Quickstart: Run the Speech Devices SDK sample app on Windows

In this quickstart, you'll learn how to use the Speech Devices SDK for Windows to build a speech-enabled product or use it as a Conversation Transcription device. For Conversation Transcription only the Azure Kinect DK is supported. For other speech use linear mic arrays that provide a microphone array geometry are supported.

The application is built with the Speech SDK package, and the Eclipse Java IDE (v4) on 64-bit Windows. It runs on a 64-bit Java 8 runtime environment (JRE).

This guide requires an Azure Cognitive Services account with a Speech service resource. If you don't have an account, you can use the free trial to get a subscription key.

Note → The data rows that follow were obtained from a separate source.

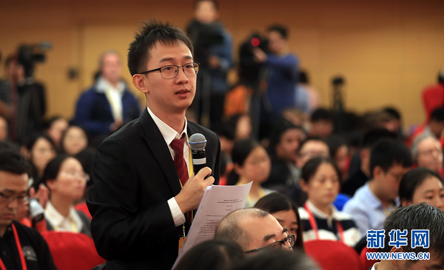 ??? 10月19日,十九大新聞中心舉行記者會(huì),邀請(qǐng)中紀(jì)委、中組部負(fù)責(zé)人介紹黨的建設(shè)和全面從嚴(yán)治黨相關(guān)情況。圖為澳門澳亞衛(wèi)視記者提問(wèn)。新華網(wǎng) 郝廣鵬攝
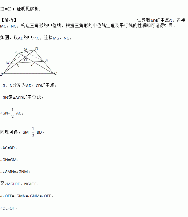 如图,已知四边形ABCD的对角线AC与BD相交于点O,且AC=BD,M,N分别是AB、CD的中点,MN分别交BD、AC于点E、F.你能说出OE与OF的大小关系并加以证明吗?
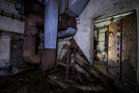 die Decke ist an vielen Stellen runter gekracht und überall liegt vermodertes Holz herum.
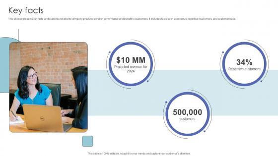 This slide represents key facts and statistics related to company-provided solution performance and benefit to customers. It includes facts such as revenue, repetitive customers, and customer base.If your project calls for a presentation, then Slidegeeks is your go-to partner because we have professionally designed, easy-to-edit templates that are perfect for any presentation. After downloading, you can easily edit Key Facts Investor Funding Pitch Deck For Automated Ar Platform and make the changes accordingly. You can rearrange slides or fill them with different images. Check out all the handy templates This slide represents key facts and statistics related to company-provided solution performance and benefit to customers. It includes facts such as revenue, repetitive customers, and customer base.
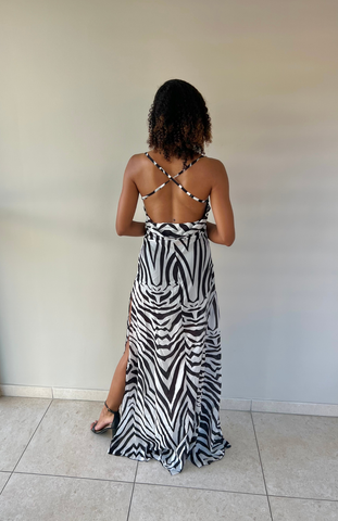 Plongez dans l'élégance sauvage avec la robe Sérénité Zèbre de Tyb Orchid — une pièce fluide et aérienne, sublimée par un imprimé zébré audacieux. Sa fente latérale dévoile la jambe avec grâce, tandis que le tissu légèrement transparent caresse la peau à la lumière.
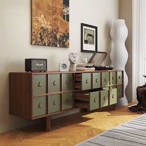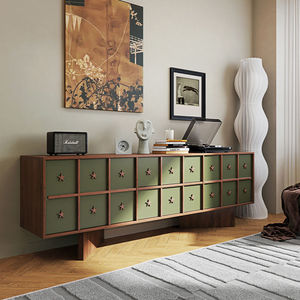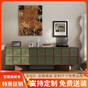 中古风小户型电视柜复古落地电视机柜靠墙一体储物家用收纳柜边柜
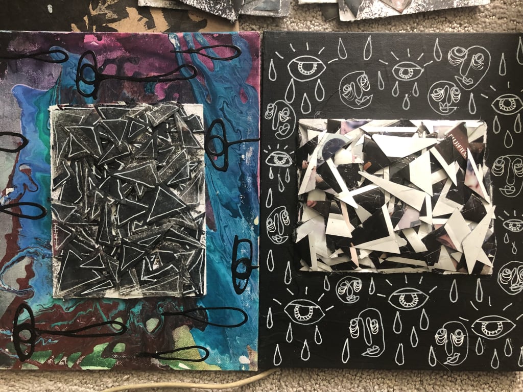 I’m in between therapists right now and felt very judged for expressing myself. I don’t think she knew how to deal with someone so riddled with mental illness, but I get it, I have a really hard time doing that too. But I’ve taken out those pieces of cut up polaroids again and have used them in my art. My current series of pieces I’ve been working on has been about healing with the relationship I lost after the psych ward and all of the ones before. I took the pieces and glued them to a canvas of old art I wasn’t very happy with. I had to create by destroying. I had to rise from the ashes like a phoenix emotionally and artistically. I decided to cover them with acrylic paint so I couldn’t see them anymore. So I couldn’t dwell on them anymore. So I couldn’t go back to all of those feelings. I cried. I needed to take breaks. I had to deal with very tough questions within myself. Why did I keep them for so long even as I was moving from Chicago to the California suburbs? I made the choice to keep these. Why? Was it because I couldn’t let go of him or was it that I couldn’t bear to part with a part of me that was so happy? Did I want to keep dwelling on questions that will be forever unanswered about that last tough breakup? I didn’t have all of those answers. I’m not sure I ever will. As I cry writing this I had judgemental thoughts about getting so emotional but I guess that's another step in the healing process. But these pieces are for me and don’t need to be understood by anyone else but me. I’m not done with them yet, but I don’t think I’m done with healing yet either. But that’s the beauty of it, right?
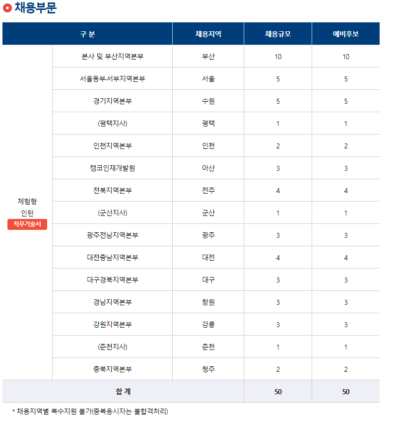 본사 및 부산지역본부 10명, 서울 동부 서부 지역본부 5명, 경기지역본부 5명 등 50명을 선발할 예정입니다.
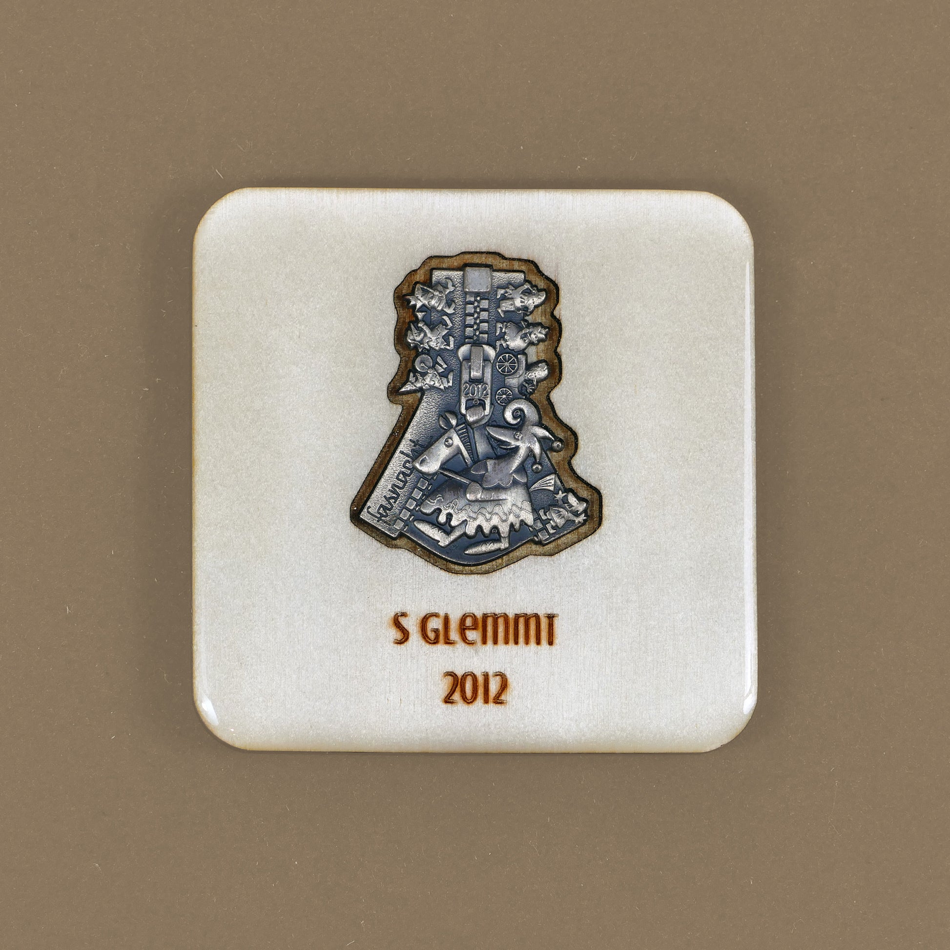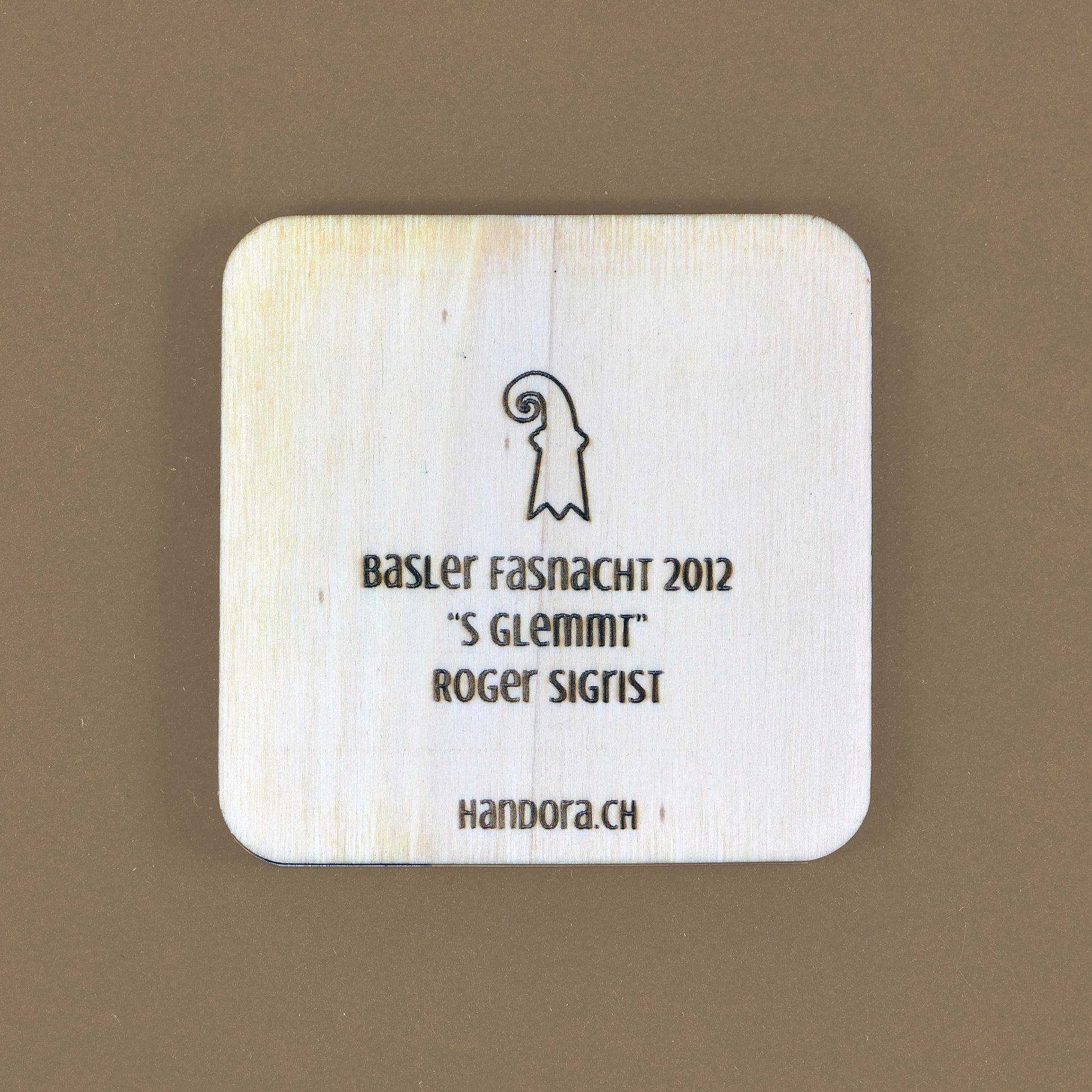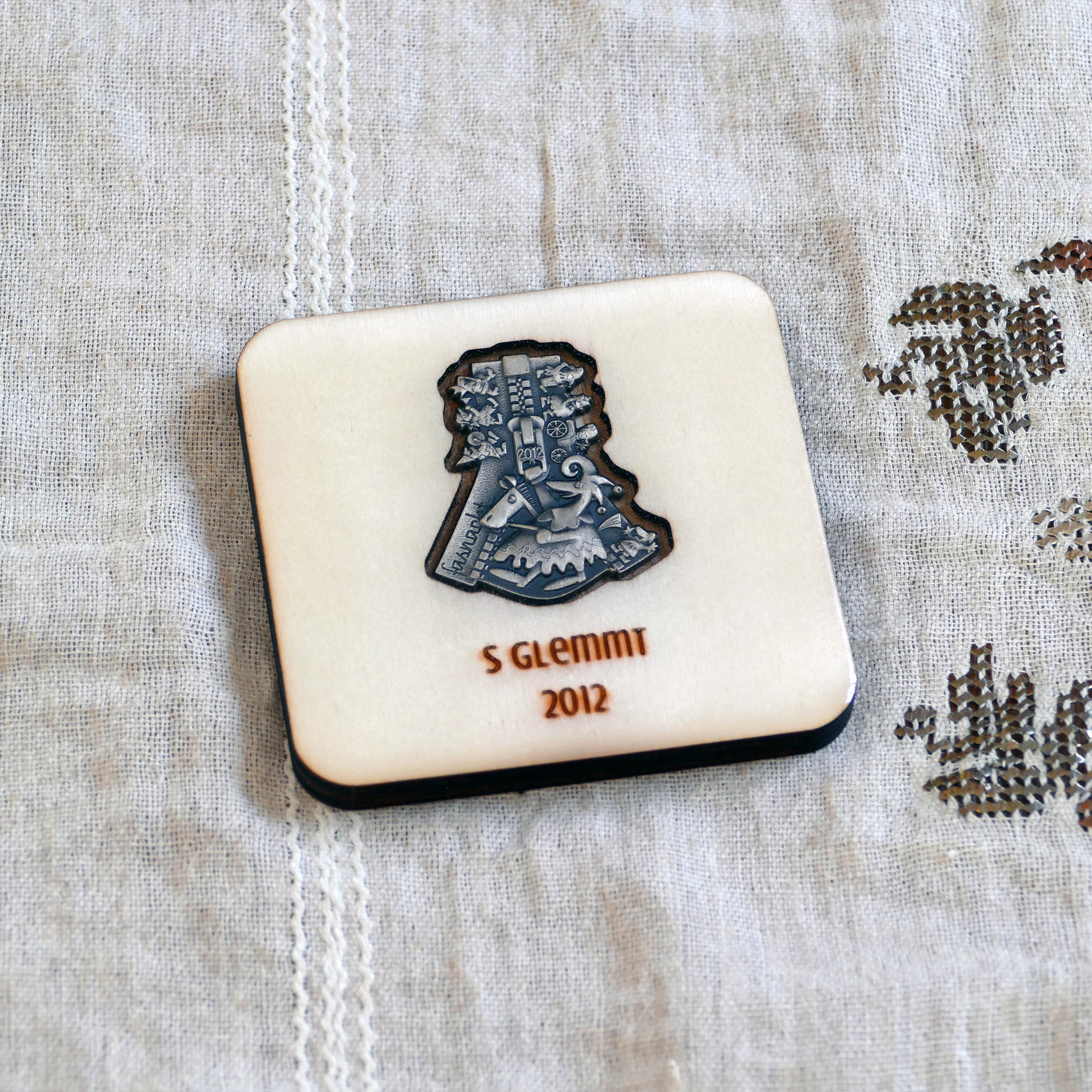 A handcrafted piece featuring a Blaggedde (Basel Fasnacht badge) from 2012. The theme of the year was "S glemmt" and the Blaggedde was designed by Roger Sigrist.
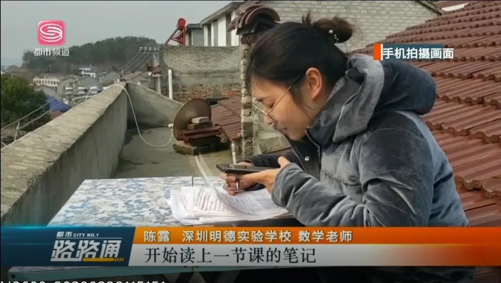 深圳中小學網(wǎng)課開課以來,廣大青年教師克服種種不利條件,變身教育主播,讓知識穿越屏幕直達學生心靈,深圳明德實驗學校的陳露老師就是其中一位典型代表。她因疫情滯留于湖北農(nóng)村,由于信號差,一開始為了錄制微課,白天她就帶好口罩跑到雜草叢生的山頂找信號,一塊木頭當?shù)首樱侣壬蟼饕曨l,頂著寒風一坐就是半天。線上教學正式開課后,由于設(shè)備和信號問題,陳老師只能采用QQ直播的方式給學生上課,為了保障語音效果,她把課堂搬到信號稍強的屋頂。上屋頂不是件容易的事,陳老師必須先爬一個陡峭的梯子,再匍匐穿過一個孔洞才能到達。一個天臺、一張折疊桌成了她的“三尺講臺”,一疊信紙成了她的“黑板”,一部手機成了她的“多媒體”。陳露老師每天坐在樓頂?shù)暮焙惋L雪中,堅持完成直播課,保證學生正常的線上學習。
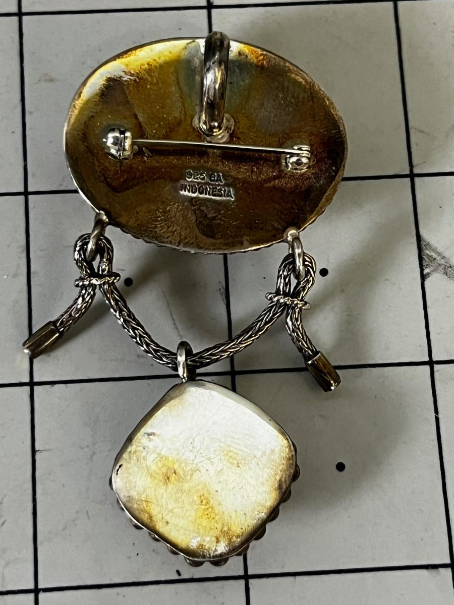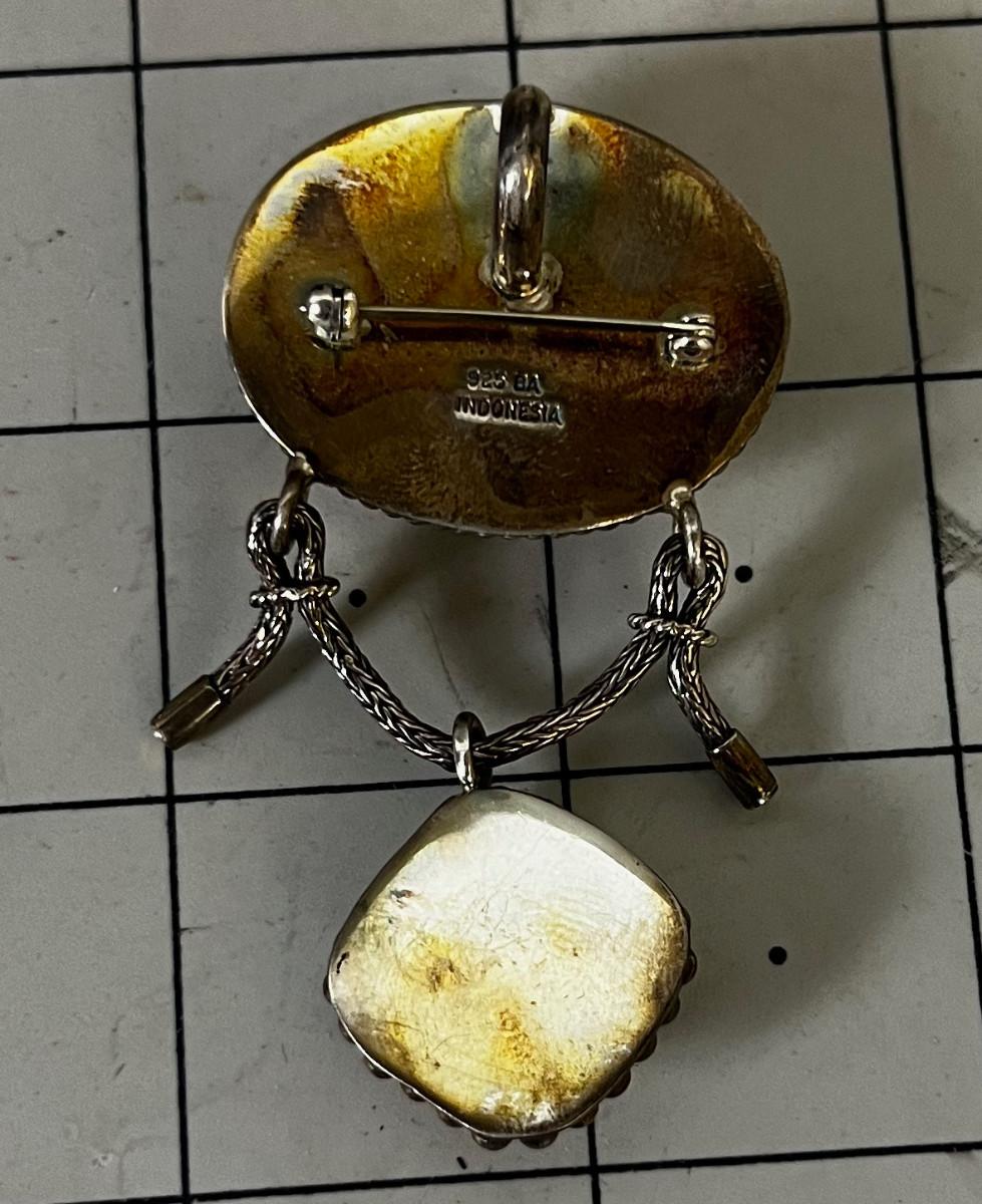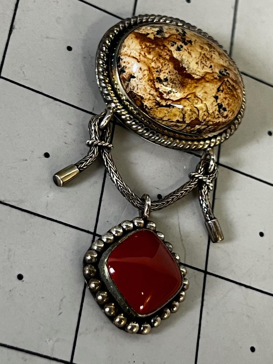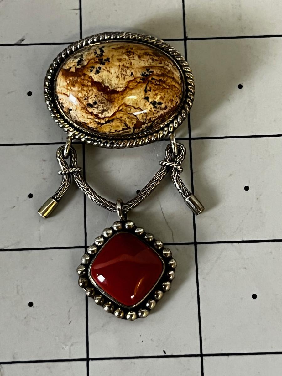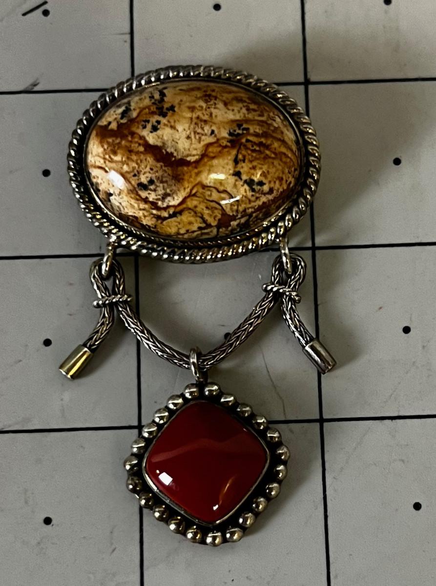 Pendant Pin; Sterling Silver with Agate and Carnelian Stone
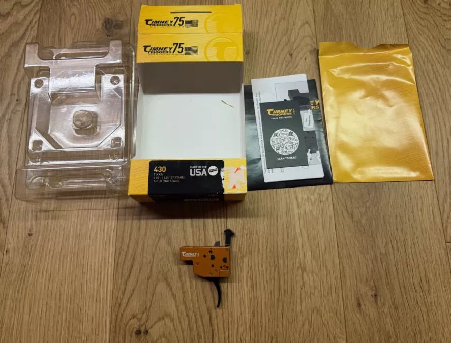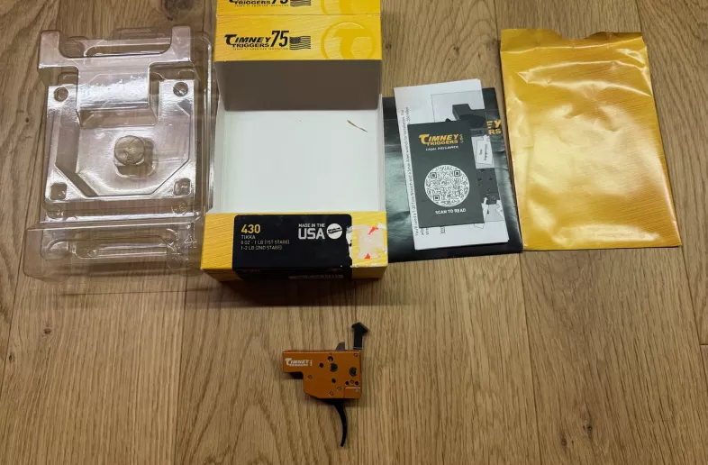 Timney Tikka Two Stage Trigger. Comes with box and manual. Test fitted by me, hasn't seen a single round.
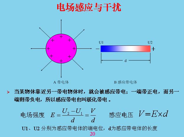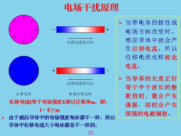 電磁干擾的原理是帶電體電磨和位能不斷的改變,會對感應(yīng)體產(chǎn)生位移電流,當(dāng)這邊是正的時候,電流的方向往這邊流,當(dāng)是負(fù)的時候電流往另外一邊流。位移電流和一般電工學(xué)里面的位移電流不一樣,位移電流不需要回路,在任何一個導(dǎo)體里面都會產(chǎn)生位移電流,并且位移電流的大小在這個導(dǎo)體里面的每個地方都不一樣,不管這個怎么變化,中間位移電流等于零,只在兩端位移電流是最的大,中間那個地方等于零。如果你不好理解,你把這個當(dāng)成一根天線就理解了,天線發(fā)射電磁波的時候也是沒有回路的,就是靠不斷的對它進(jìn)行充放電,這個原理是一樣的。還有一種情況,當(dāng)兩個變換的速度和來回移動的方向、距離正好是半個波長的時候它會產(chǎn)生諧振,這個在天線理論里面可以學(xué)到。因為位移電流是有速度的,不能說速度等于無窮大,我這邊變你也變,如果移動有速度就會產(chǎn)生疊加和抵消的作用,就會產(chǎn)生諧振。
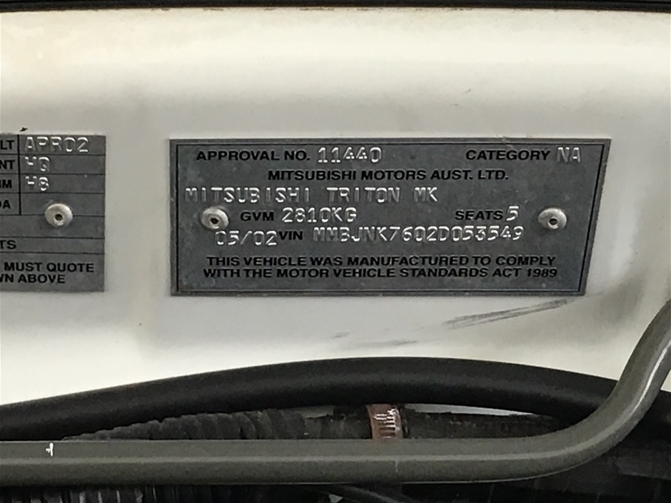 | Part of Sale | 2002 Mitsubishi Triton GLX (4x4) MK Manual Dual Cab | ||||||||||||||

The source code for the sample application is included with the Speech Devices SDK. It's also available on GitHub.

Prerequisites

This quickstart requires:

Conversation Transcription is currently only available for "en-US" and "zh-CN", in the “centralus” and “eastasia” regions. You must have a speech key in one of those regions to use Conversation Transcription.

If you plan to use the intents you'll need a Language Understanding Service (LUIS) subscription. To learn more about LUIS and intent recognition, see Recognize speech intents with LUIS, C#. A sample LUIS model is available for this app.

Create and configure the project

  1. Start Eclipse.

  2. In the Eclipse IDE Launcher, in the Workspace field, enter the name of a new workspace directory. Then select Launch.

    Screenshot of Eclipse Launcher

  3. In a moment, the main window of the Eclipse IDE appears. Close the Welcome screen if one is present.

  4. From the Eclipse menu bar, create a new project by choosing File > New > Java Project. If not available choose Project and then Java Project.

  5. The New Java Project wizard starts. Browse for the location of the sample project. Select Finish.

    Screenshot of New Java Project wizard

  6. In the Package explorer, right-click your project. Choose Configure > Convert to Maven Project from the context menu. Select Finish.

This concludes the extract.